If I convert the datasets present in this package to Seurat format, with metadata retained between versions, would the authors allow a pull request? I know the community is somewhat split over SingleCellExperiment vs. Seurat, but my and many other labs use Seurat, and whenever I pull a dataset from this package I need to convert it to Seurat format. I think it'd be great for the package to include a compressed version of a Seurat object for each experiment, and I'm willing to do the legwork to convert the files myself.

I appreciate the offer but I'm afraid that I won't accept a dependency on Seurat in this package. This isn't a reflection of your converting abilities, it's just that I do not consider Seurat to sufficiently reliable as a dependency. Indeed, updating serialized instances of S4 classes is painful enough when I have full control over the class definition.

To be clear, I'm not against interoperability with other analysis frameworks. However, it should occur via dedicated adapter packages (e.g., https://github.com/theislab/zellkonverter, https://github.com/cellgeni/sceasy) so that any patches can be implemented in one place and rolled out to all affected packages at once.

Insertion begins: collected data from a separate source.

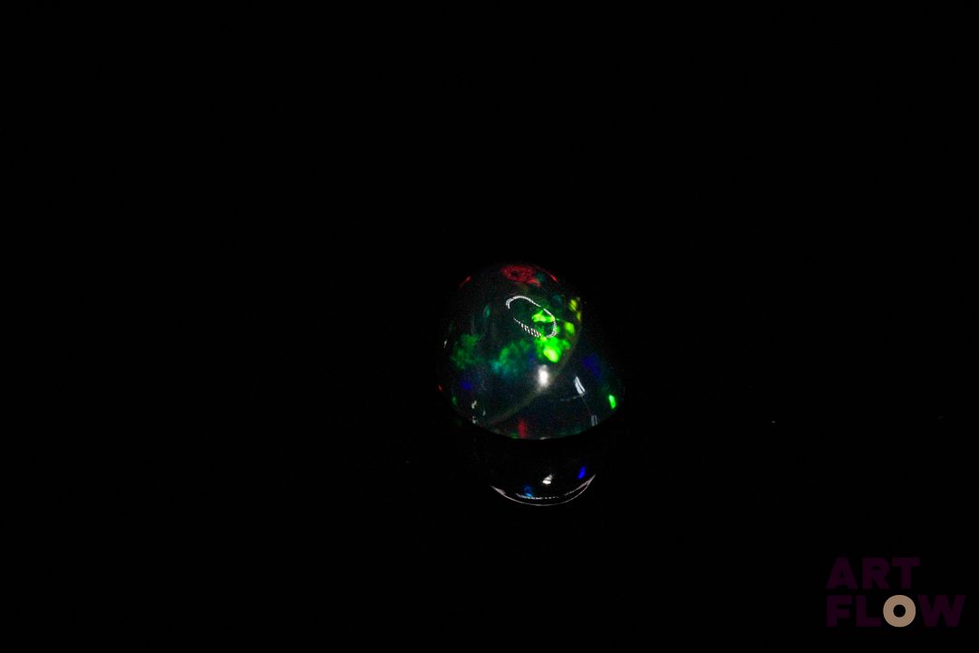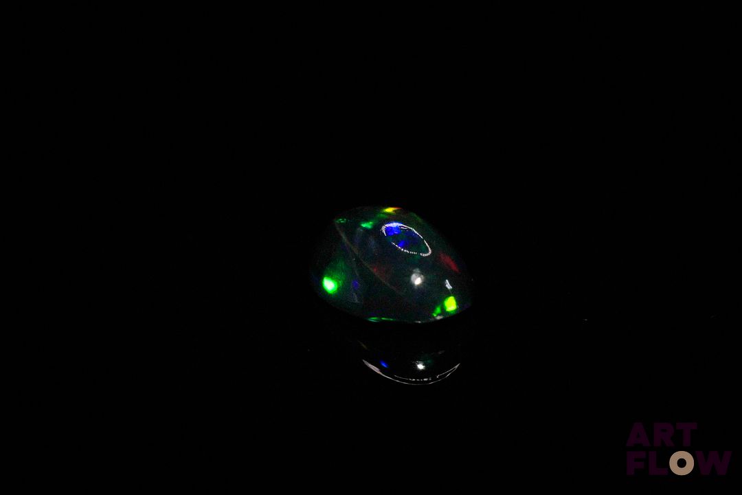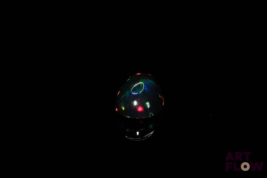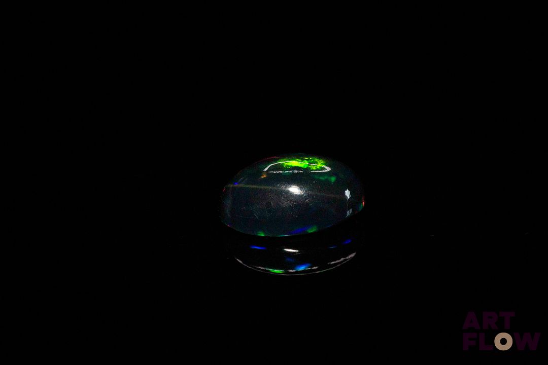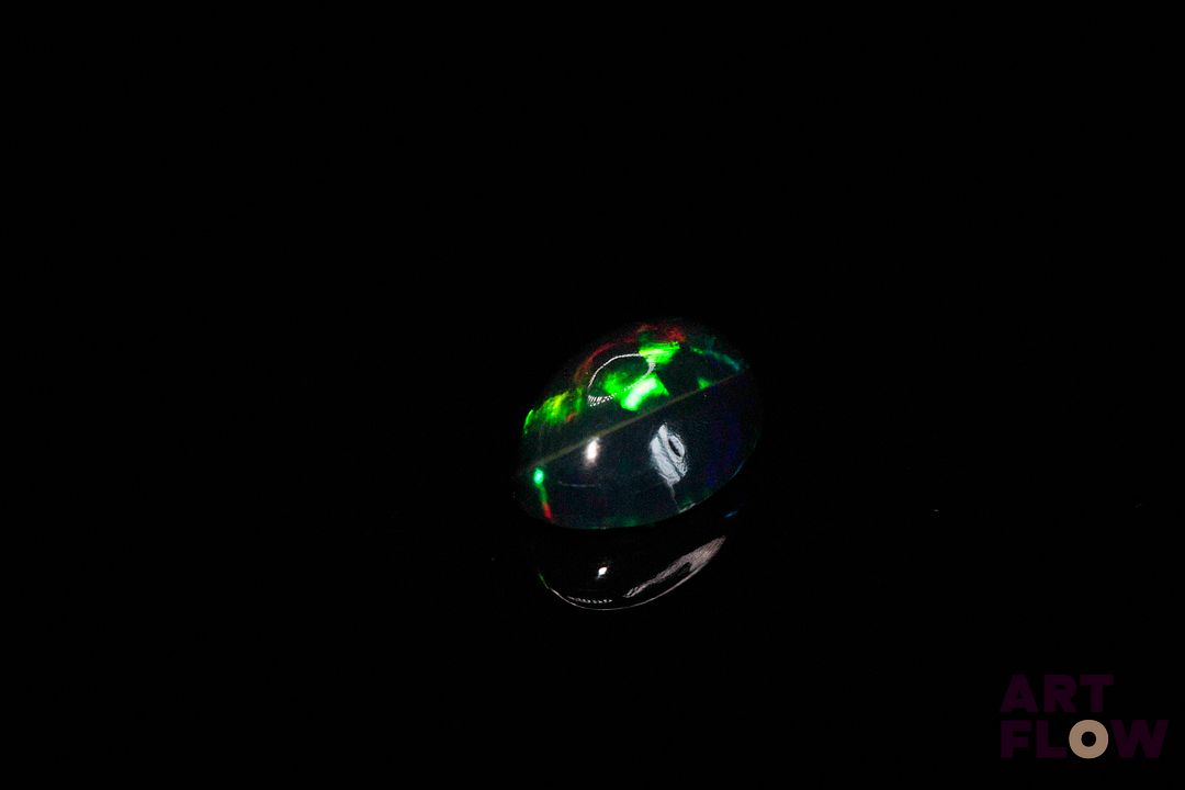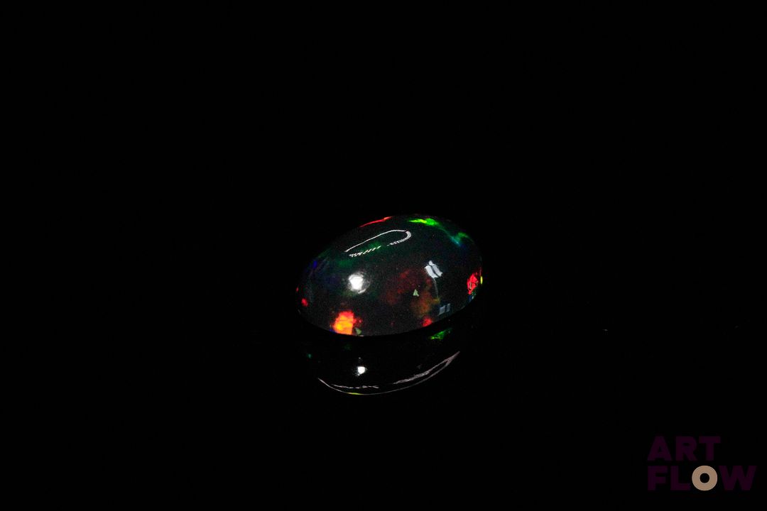 Opale noire cabochon ovale. Beaux éclats de couleur. 3.24 cts. 13.0mm x 9.0mm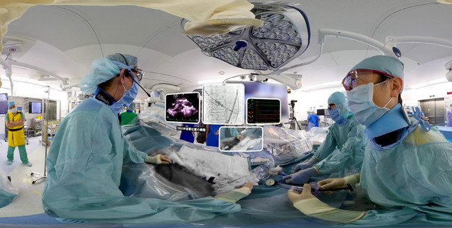 本コンテンツは、実際の患者へのTAVI手術を高精度360度撮影でVR化し、複数人で構成されたハートチーム全体の動きを把握することができます。本コンテンツでは、TAVI手術の各工程の重要ポイントをまとめた執刀医目線のダイジェスト版を制作しており、場面ごとにチームでの声がけや連携が体感できる設計となっています。また執刀医が手術中に常時確認している患者の心拍や血圧などのバイタル情報に加え、カテーテル手技自体を確認するためのアンギオ装置や、経食道心エコーによる画像情報を付加することで、よりトレーニングに適したコンテンツになっています。
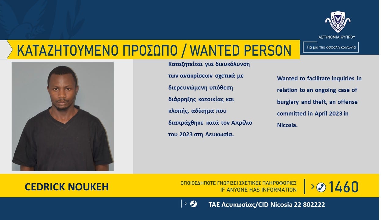 Η Αστυνομία ζητεί πληροφορίες για εντοπισμό του CEDRICK NOUKEH, 24 ετών από το Καμερούν, η φωτογραφία του οποίου δημοσιεύεται, σχετικά με διερευνώμενη υπόθεση διάρρηξης κατοικίας και κλοπής, αδίκημα που διαπράχθηκε κατά τον Απρίλιο του 2023 στη Λευκωσία.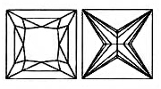 The PRINCESS CUT diamond is a square cut diamond with 90 degree angles on each corner. It has a tremendous amount of brilliance, second only to rounds. Princess cut diamonds have become increasingly popular within the past few years. The princess cut can vary greatly in how square or rectangular they are. For a square shape, look for a length to width ratio between 1.00 and 1.10. For a rectangle, look for a ratio between 1.50 and 2.00. Table should be between 65-80% and the depth between 65-75%.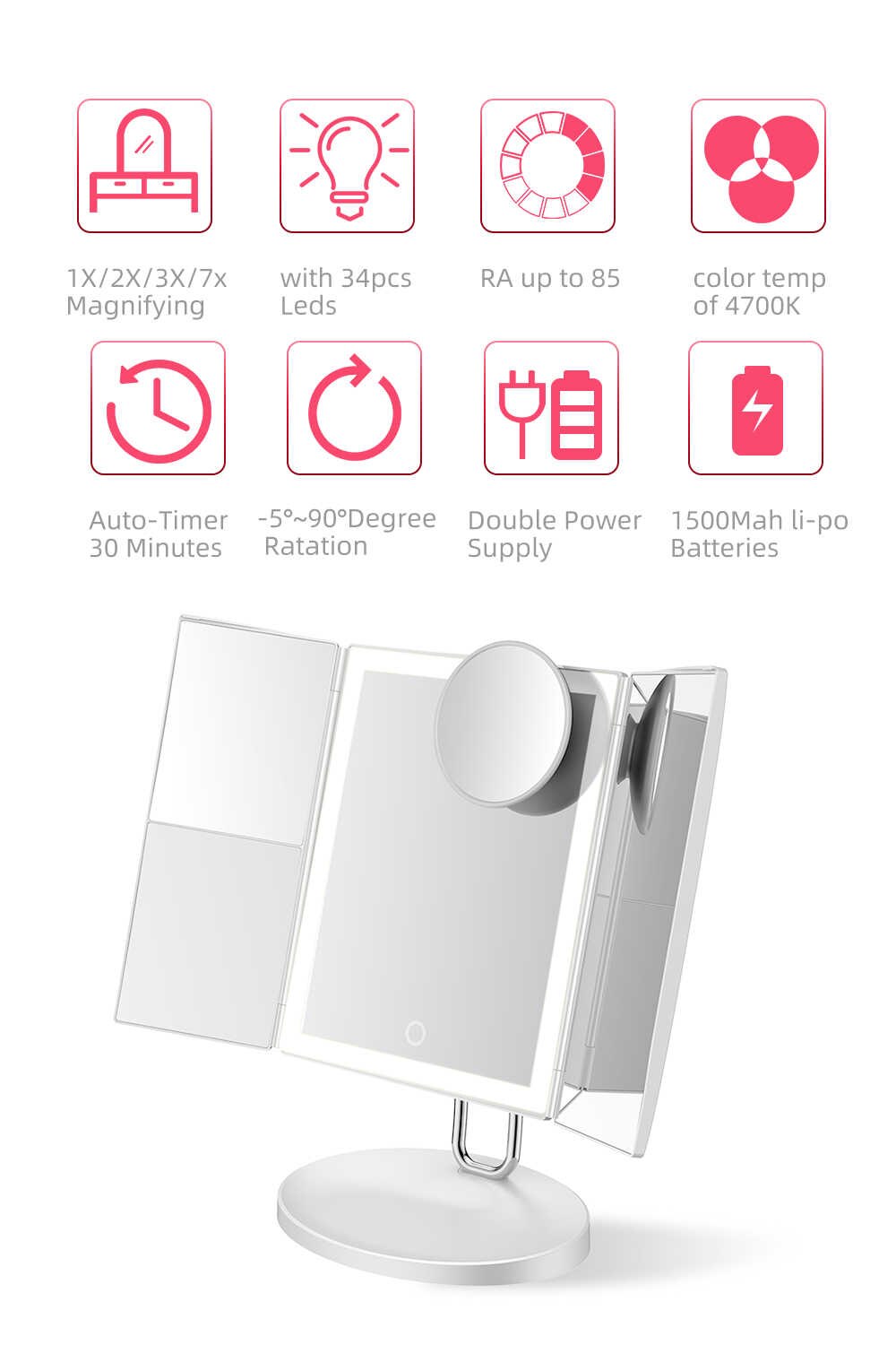 TB1971 帶燈及放大功能 3折摺疊座枱化妝鏡配有 34 個 LED 燈泡,*可調整亮度,可滿足您的照明需求。

Of course, other authors are willing to accept higher levels of risk, so you will see various SCE-based packages in Bioconductor also support Seurat inputs (e.g., dittoSeq). Good for them.

Fair enough. I'm curious as to why you don't consider Seurat to be sufficiently reliable? Are there issues with the package I'm unaware of that I should know about?

These are mostly considerations from a developer perspective.

Wheel reinvention

Bioconductor has pretty well-established classes for representing genomics data, stretching all the way back to the ExpressionSet class used for microarray data back in 2004. monocle and the older version of scater derived their classes from ExpressionSets, meaning that they could directly access a large body of statistical methods. (Not that much of the bulk transcriptomics stuff ended up being of great use in single-cell analysis, but we didn't know that at the time.)

Now, the ExpressionSet isn't the easiest to use and it doesn't support sparse matrices, so it was officially superseded by the SummarizedExperiment class in 2015. I'll cut Seurat version 2 some slack here, because it came out around about or before then (2014, IIRC). So I can understand why they home-brewed their own class. I can also understand why Rahul didn't want to change the package to use a SingleCellExperiment when Davide and I suggested it to him in 2017; it would break back-compatibility and affect end-users and all that.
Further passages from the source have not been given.